Summarising, the following action can be taken to strengthen the effect of the Directive:

* The Commission will vigorously pursue its efforts to have the Directive fully implemented. It will work together with Member States and Candidate Countries to ensure full implementation of the Directive and to clarify all remaining legal uncertainties. If necessary, the Commission will commence infringement proceedings.

* The Commission will consult Member States on the practical difficulties they encounter when enforcing the national provisions to implement the Directive.

* The Commission will encourage industry and national authorities to engage in joint efforts to fight piracy as efficiently and effectively as possible.

* The Commission will continue to co-operate with other European countries and the respective international organisations in order to enforce coherent application of European rules against the piracy of electronic pay-services.

* The Commission recommends right holders and service providers to actively seek contractual solutions to provide legitimate non-resident subscribers access to protected electronic pay services under reasonable, non-discriminatory and transparent conditions throughout the internal market. The Commission will contribute to this process in the context of its review of Directive 93/83/EC.

7.3. Enhancing legal protection - what next?

The piracy of electronic pay services protected by conditional access is a cyber crime which has changed significantly in recent years. While current legal protection is quite effective against conventional forms of piracy, protection may have to be enhanced in order to be able to cope with the new categories of offenders, the effects of the Internet and some remaining enforcement issues.

Given the estimated protection potential of additional measures based up the current Directive, the Commission holds the view that it would be premature to propose amendments to the Directive on the basis of this Report, but that a revision of the Directive might be considered in the context of a coherent set of legal measures against all possible forms of piracy.

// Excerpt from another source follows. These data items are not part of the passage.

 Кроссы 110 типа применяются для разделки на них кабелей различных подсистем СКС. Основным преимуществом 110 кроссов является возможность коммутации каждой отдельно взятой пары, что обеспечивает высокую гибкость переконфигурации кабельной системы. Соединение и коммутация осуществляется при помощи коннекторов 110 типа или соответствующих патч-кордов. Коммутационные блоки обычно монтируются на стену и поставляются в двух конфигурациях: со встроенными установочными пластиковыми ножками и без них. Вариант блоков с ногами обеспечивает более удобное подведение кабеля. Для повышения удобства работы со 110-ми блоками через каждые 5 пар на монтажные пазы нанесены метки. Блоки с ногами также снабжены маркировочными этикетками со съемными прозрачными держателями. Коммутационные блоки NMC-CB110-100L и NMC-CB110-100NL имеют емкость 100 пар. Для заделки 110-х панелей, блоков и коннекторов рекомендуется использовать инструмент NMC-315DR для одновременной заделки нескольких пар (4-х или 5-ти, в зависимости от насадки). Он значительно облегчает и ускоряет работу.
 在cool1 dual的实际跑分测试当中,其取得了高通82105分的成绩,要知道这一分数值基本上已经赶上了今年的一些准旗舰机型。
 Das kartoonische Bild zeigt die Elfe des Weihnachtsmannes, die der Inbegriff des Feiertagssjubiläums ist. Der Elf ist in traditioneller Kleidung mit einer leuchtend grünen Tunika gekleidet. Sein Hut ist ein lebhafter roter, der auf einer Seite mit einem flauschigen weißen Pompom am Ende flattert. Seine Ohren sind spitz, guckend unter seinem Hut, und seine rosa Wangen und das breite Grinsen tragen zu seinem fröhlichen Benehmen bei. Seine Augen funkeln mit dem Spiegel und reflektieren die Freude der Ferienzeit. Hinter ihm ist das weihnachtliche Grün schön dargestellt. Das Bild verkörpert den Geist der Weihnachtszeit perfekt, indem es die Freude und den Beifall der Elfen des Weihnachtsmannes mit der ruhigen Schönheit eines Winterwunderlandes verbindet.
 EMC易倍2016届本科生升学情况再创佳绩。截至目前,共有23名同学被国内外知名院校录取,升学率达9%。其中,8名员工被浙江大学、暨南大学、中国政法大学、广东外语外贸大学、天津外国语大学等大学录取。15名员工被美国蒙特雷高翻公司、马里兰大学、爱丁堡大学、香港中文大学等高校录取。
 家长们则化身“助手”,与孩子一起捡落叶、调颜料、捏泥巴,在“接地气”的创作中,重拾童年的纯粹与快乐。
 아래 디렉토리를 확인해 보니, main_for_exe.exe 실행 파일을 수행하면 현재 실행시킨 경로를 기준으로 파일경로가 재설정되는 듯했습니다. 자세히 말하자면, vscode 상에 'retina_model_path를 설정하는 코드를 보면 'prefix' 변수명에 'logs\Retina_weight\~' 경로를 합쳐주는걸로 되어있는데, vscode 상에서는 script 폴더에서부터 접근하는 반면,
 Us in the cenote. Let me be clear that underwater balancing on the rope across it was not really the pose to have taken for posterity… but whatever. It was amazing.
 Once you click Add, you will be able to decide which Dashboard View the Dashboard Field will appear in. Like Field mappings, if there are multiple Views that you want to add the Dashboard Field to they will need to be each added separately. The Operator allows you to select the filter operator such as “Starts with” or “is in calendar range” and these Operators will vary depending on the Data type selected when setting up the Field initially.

However, the consultations and assessment undertaken in the context of this Report have enabled the Commission already to identify the following issues, which deserve further reflection in close co-operation with the Member States and industry:

* Industrial forms of piracy are clearly commercial and therefore already covered by the Conditional Access directive. This type of piracy is very similar to the counterfeiting of goods or copyright-related piracy. A balanced and coherent enforcement framework applicable to all kinds of piracy and counterfeiting and agreed at Community level would bolster the effectiveness of the legal protection of electronic pay services.

* Arguments have been advanced that casual pirates and individuals pirating solely for their own purposes could be prosecuted, including for infringing activities which are not undertaken for commercial purposes and/or for the private possession of illicit devices. However, an extension to the Conditional Access directive along these lines would imply a fundamental change in Community policy and may have an impact on adjacent legislation.

* The current Directive is not very effective against those forms of piracy which have emerged as a result of the Internet. One way of fighting these forms of piracy is to prohibit the direct and indirect distribution of keys and illicit devices via the Internet, backed up by a notice and take down remedy for affected service providers. Such a prohibition/remedy targets the principal source of many piracy acts and may avoid other measures that are more invasive to private individuals. Article 6 of the Council of Europe Convention on Cybercrime already presents a model for such a measure. In this context the Commission does not envisage any measure restricting the dissemination of detailed technical information on conditional access systems, because this would unduly limit the freedom of expression and stifle innovation.

The Commission will continue its examination of the application of the Conditional Access directive and its relationship with other provisions of Community law, including whether or not there is a need to amend the Directive. It invites Member States, Candidate Countries and other interested parties to contribute to this exercise.